ADVERTISEMENT

Phil Steele's "Most Improved Teams"

I think he was speaking metaphorically, not literally, that they were both examples of chance.
I understood that but it left the impression that we were as likely as not to be in similar situation as last year when, in fact, it should be viewed as highly unlikely if injuries occur on totally random basis. Think about it. We had 45 scholarship players available for IL. Some were RS but even some of those were because of injuries. Could it happen? Dure but it is highly unlikely. Not because of the number we had last year but strictly because it is highly improbable that we would ever have that number of injuries in any year.

As Glades said, however, some of the injuries we had last year might have lingering effect and that could still skew things a bit. But even with that, the number of injuries we have had in each of the last two years should be considered highly unusual. Not that they happened back to back but that they happened at all.
 
But even with that, the number of injuries we have had in each of the last two years should be considered highly unusual.

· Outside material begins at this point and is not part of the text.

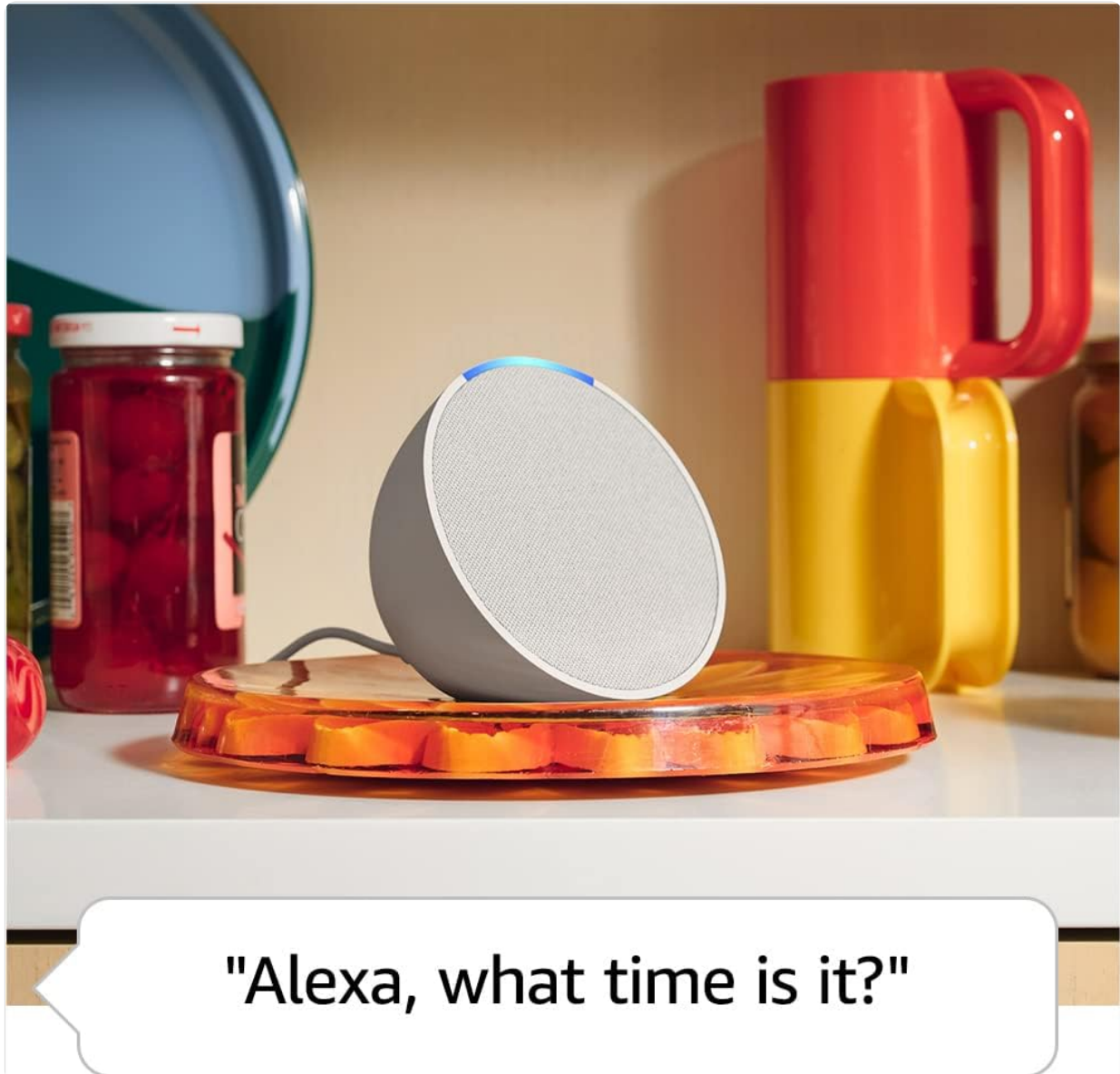
Image: An Amazon Echo Pop, light gray, situated on a kitchen shelf next to various kitchen items. A speech bubble overlay reads, "Alexa, what time is it?", demonstrating a common voice command.

Not that they happened back to back but that they happened at all.
The foundational assumption is that the injuries are random chance (such as a coin toss or a dice roll) rather than something systemic. The fact that we have had what we consider to be unusually high injury rates in two consecutive years clearly opens the argument that it may not be random chance. There are multiple controllable factors that could impact injury rates. The easiest to understand being a tendency for a coaching staff that does not have a great deal of depth to always take the low end of the range given to them by the doctors for a recovery period. Every coaching staff does this but a coaching staff with a lot of depth is going to be prone to be a little more conservative than one that desperately needs the players back in the starting line-up.

Is that NU? I have no idea. Just explaining that from - an engineering standpoint - repeats of an event make the odds that it is random chance go down.